I eyeballed the joint. All the usual saps, and a rummy in the  corner, no doubt already zozzled.

“Everything jake?” asks the bartender

“Better days.” says I.

“That so?”

“Butt me, say I, and he flips a hope chest of Lucky Strikes on the bar.

“Lucky’ Strike means fine tobacco,” says the bird.

“Indeed,” says I. “Indeed.”

Now normally I don’t know from nuttin’, but see, I was all balled up about this wisecracker I’d heard on the radio. See this bimbo named Limbaugh, or some such, lit into this dame, name a Sandra Fluke who’s got the goods on contraception and a woman’s freedom over her own body in front of Congress. The Bees knees, she was, no weak sister. So I tells this lug behind the bar about how this Limbaugh mook starts spittin hooey from his big fat kisser. She’s a  floozy and a quiff, says  that milquetoast, Limbaugh. A pro-skirt, he goes on to say, a real bearcat. It was all the rumble in the papers. Had all the news hawks buzzin’, I tell ya.

“Applesauce!” exclaims the bartender. Just then a mulligan hoofs it in, and gives the joint the once over, sliding these thick peepers back up his long schnozzle.

“You’ll be watchin that sort of language,” says the Mulligan sternly, in typical brogue. So he comes up to me and he says. “Got a beef, do ya?”

Now I ain’t no hard-boiled guy, especially in front of a gumshoe, but I says, “Joe, I don’t know you from Adam, but see here, I say this Limbaugh fella beatin’ his gums about that poor dame, well, that just ain’t copacetic, you see!”

“I know my onions,” says the Mulligan,” and I tell yuhz, that jane ain’t no chunk a lead, and she certainly ain’t no floozy. I been around this here block once or twice.

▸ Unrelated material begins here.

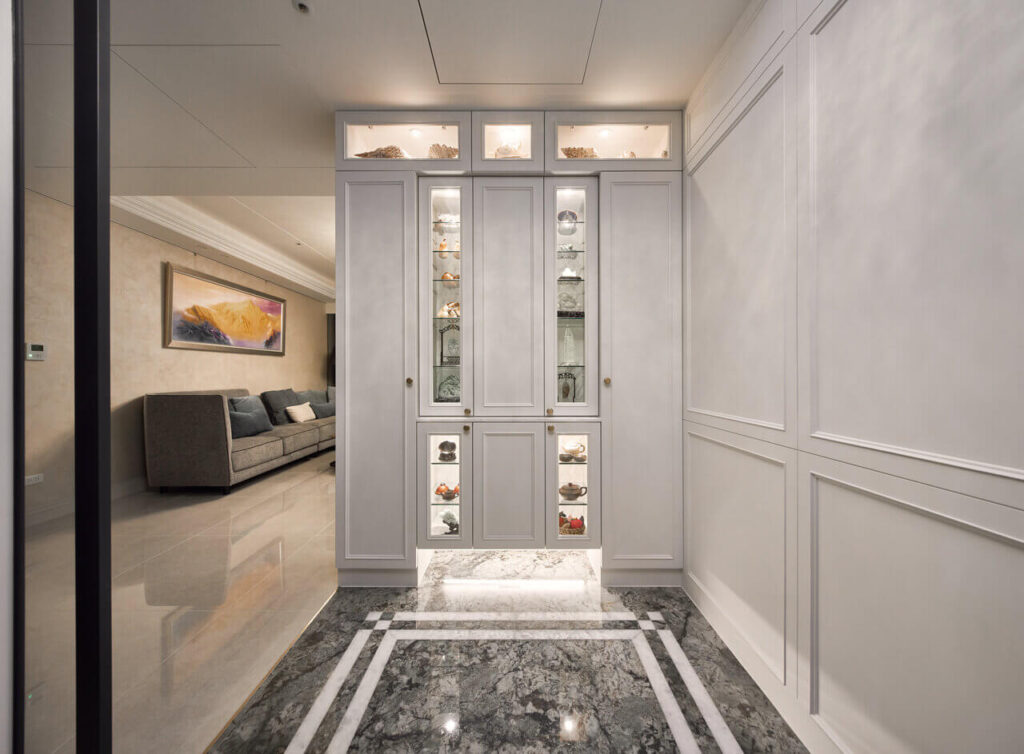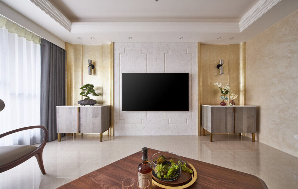 作為入門的第一印象,設計師在玄關處透過鞋櫃結合屏風的細膩手法,加上石材拼花地板的襯托,界定出氣度不凡的場域氛圍。客廳採取雪白的大理石妝點電視牆,呈現空間的高雅質感,石材上鏤刻的簡潔線條,則飽含成雙成對的美意;兩側弧形牆面鋪排細緻的金箔,搭配左右對稱的矮櫃,形成美感與機能兼備的特色端景。

She’s no dumb dora, and if that Limbaugh fella was on my beat, I’d sure give him what  for.”

“A real Airdale, that fella,” says the bartender. “an ethel, if you get me?”

“Now you’re on the trolley, old boy!” laughs the mulligan, settin’ his blue cap on the bar and running fingers through his wavy red hair. “Why, I’d take off this here badge and step into the gutter and, and, and I’d…”

“Clobber him?” says I, gettin’ a bit carried away. “Right in the kisser!”

“Well, now, boys, don’t mean to come off as some sort of bruno, especially with a daisy like this Limbaugh mook.”

“Flim flam man, that one,” says I.

“A fake-a-loo,” agrees the rummy in the corner.

“Use to be a time in this here country, a fella beatin’ his gums about a decent jane like that Sandra Fluke would end up with a Chicago overcoat.”

“At the working end of a Chicago typewriter,” says the grand piano behind the bar.

“Now see here, boys,” scolded the gumshoe. “This here is a land of laws. What you’re talkin’ is a load of hooey. You’d do well to mind your potatoes,” says he, with a knowing wink and a sly grin, “Now try not to get yourselves worked up into too much of a lather, boys, but I sure do know how ya feel. That Limbaugh’s off his nut. That’s for sure.”

With a tip of his hat, the mulligan skeedaddled. I’d had enough too and asked the bartender which way to the john.

“This fella’s got to iron his shoelaces,” I grinned.

“That a ways,” says the bartender.

As I ankled it across the bar he calls out to me. I turned, already at the door to the crapper. The rummy was snoring away on the table close by.

“Hey, mac, this one’s on me,” he says pushing the symolean back towards me. “Besides, can’t make change from a buck for just one beer.”

“Keep the change, mac,” says I. “You’re on the level. Good folks need to take care for one another, and put the screws to them high binders in Washington and grifters like Limbaugh”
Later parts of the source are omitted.